– Ну чего орешь, ну чего разорался? Как резаный вопит и вопит, – забунчал под нос Петра Афанасьич. – Ну че тебе, што ты на моем дворе отираешься? Иль забыл чего?.. Да отступись, Васька, от него, поди своим делом лучше займись.
А Яшка тут же шагнул навстречу, скинул с белой кудрявой головы овчинный треух, склонился поясным поклоном:
– Аль не признали, батюшка Петра Афанасьич, благодетель наш?
В болотных Петриных глазах сначала мелькнуло любопытство, потом тревога:
– Чур-чур... Изыди, сотона...
– Да уж чего сотониться. Это ж я, Шумов Яшка, пришел виниться перед вами. – Упал на колени парень, тая на губах злую ухмылку.
– И взаболь ты. На глупого удача. Эко диво, а бывает, ну что тут такого. Набегался и явился, – растерянно говорил Петра, прикрыв глаза тяжелыми коричневыми веками. Сразу вспомнилась та давняя история, и он не знал, как поступить сейчас: иль выгнать парня взашей, а может, и простить его... Хотя, ежели по совести, согрешил ты тогда, Петра Афанасьич, ох согрешил. На куничку позарился, сироту изобидел. Бог не простит тебе, ой не простит. Но с малого и начинал, тогда и кунька при деле была, это нынче рыжий зять весь Канин обвеял, сколько опять пушнины наторговал. И семги на Кулое порато хорошо взяли. А тогда и кунька... Пришел, как к отцу родному пришел, в ноги пал, – знать, вину-т чует.

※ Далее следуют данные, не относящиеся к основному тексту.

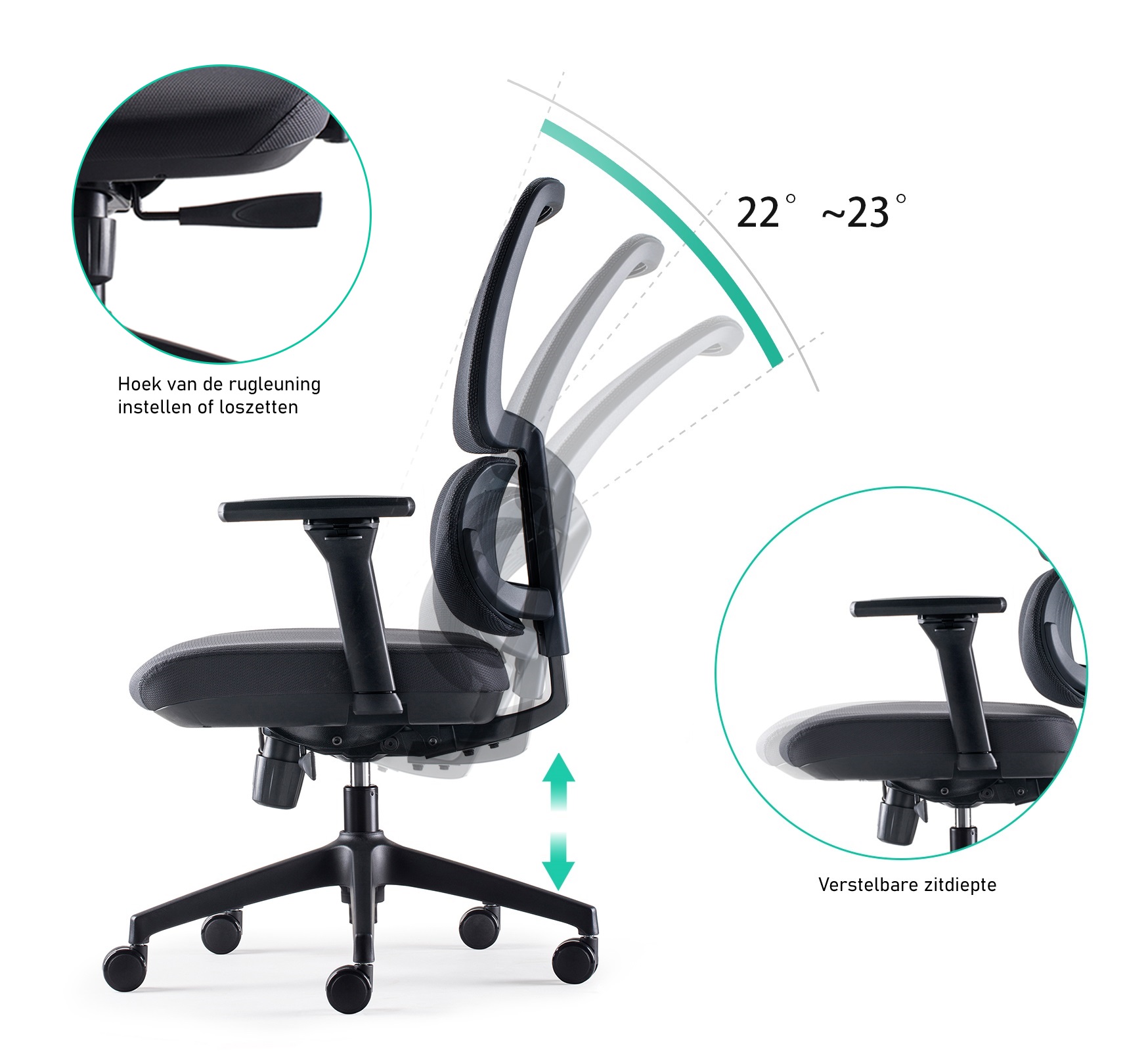 – Met de zitdiepteverstelling kunt u de stoel aanpassen aan uw lengte en zitbehoeften, wat vooral belangrijk is voor lange mensen.

– Ну ты, подымись, хватит тебе в ногах валяться, – мягко сказал Петра Афанасьич, потом коротко засмеялся, а может, в горле так булькнуло. – Ну ты, паря, ловко меня тогда. Ой ловко... Попался бы мне, решил бы на месте. Осподи, не оставил ты грешного в беде, не дал окровенить мне руки и пасть в грехе. Напозорился я тогда в леси-то, как зверина пропащая вылез...
– Простите меня, глупый был, – винился Яшка, не смея взглянуть на богатея.

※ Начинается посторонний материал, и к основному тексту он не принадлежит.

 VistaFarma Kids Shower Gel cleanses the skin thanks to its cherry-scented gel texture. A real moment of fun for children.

– Да уж как не глупый-то. И мати вот вишь как. Эй, дурня, дурня, – уже прощая, со слезой на глазах от собственной доброты, Петра хлопнул Яшку по плечу.
– Дурак был, сейчас бы дак...
– Чего делать-то будешь?
– Лошадей люблю, батюшка Петра Афанасьич.
– Помню, помню...
– Вы теперь в вышине числитесь. Бог вас за доброту возносит, – льстил Яшка, уже ничего не испытывая к Петре Афанасьичу, кроме почтения, и удивляясь своим детским обидам: как глуп был.
– Хитрец ты, Яшка, и лукав не в меру.
– За што вы меня так, батюшка Петра Афанасьич? – взмолился Яшка.
– Ну буде, буде. Дак, чего делать норовишь?
– К лошадям бы мне...
– Пакостник ты большой. Опять чего ли учудишь, Христос с тобой?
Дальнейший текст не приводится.